The Court of Appeals upheld CARB’s plan in its entirety.  With respect to the appellants’ preference for techniques other than cap-and-trade, the court declared, “Even if other measures, such as inflexible emission limits or emission taxes might conceivably result in greater reductions, the Act does not call for maximum reductions without qualification, but for maximum reductions that are both feasible and cost-effective.  The record reflects that the Board went to exceptional lengths to obtain informed and scholarly input on the complex scientific and economic issues that bear on these critical qualifications.  While there are differences of opinion on many matters, AIR points to no recommendation in the plan, and no rejection of a suggested recommendation, for which substantial evidence was not presented and considered.”

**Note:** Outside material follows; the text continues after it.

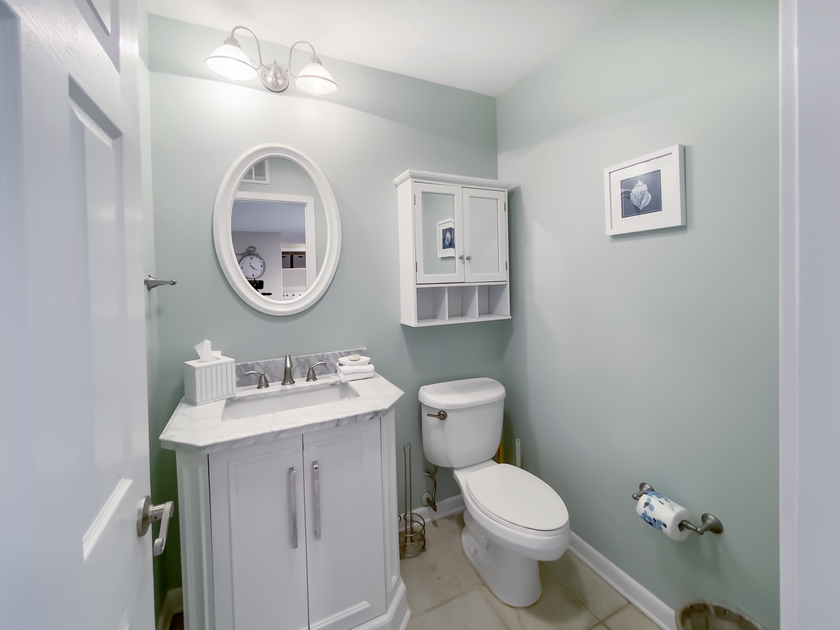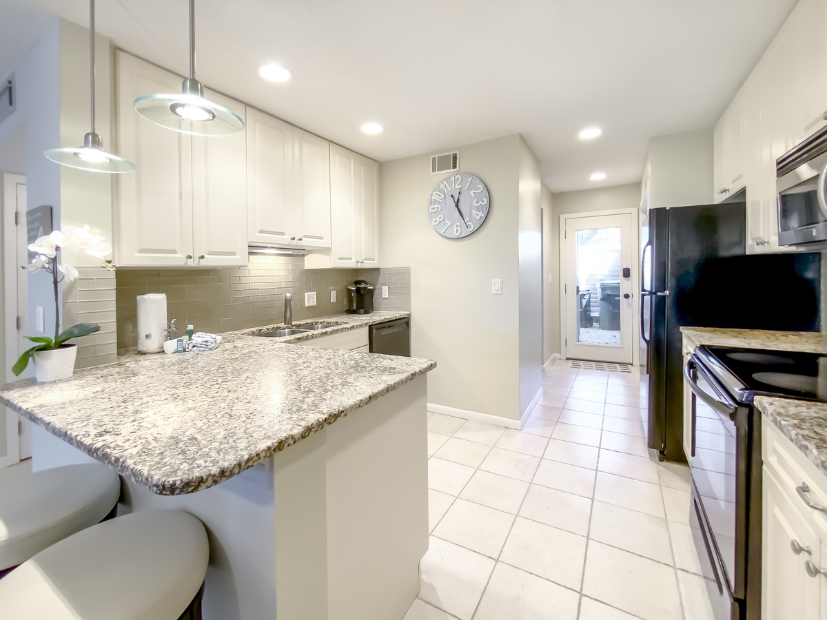 Just beyond bar seating for two we find the well appointed kitchen, with leathered granite counters wrapping around a full suite of appliances. A nearby washer and dryer offers all the conveniences of home, and a half bath rounds out the main floor’s amenities.

Writing for a unanimous panel, Judge Pollak stated that AB 32 set ambitious goals for California, and these goals are necessarily challenging.  He noted that the scoping plan is an initial step in the emissions reduction process, to which alterations will be made periodically, and “it is hardly surprising that the scoping plan leaves some questions unanswered.”  Though incomplete, the plan was not found to be “arbitrary or capricious,” and was supported by an extensive record of technical studies and public consultation; thus, it was found compliant with AB 32.

This case highlights the difficulties of designing a fair, effective, efficient, and politically feasible scheme to reduce greenhouse gas emissions on a statewide scale.  Though it provides a strong outline and officially conforms to the statute’s requirements, it is likely that CARB’s scoping plan will be updated before the 2020 reduction goals are met.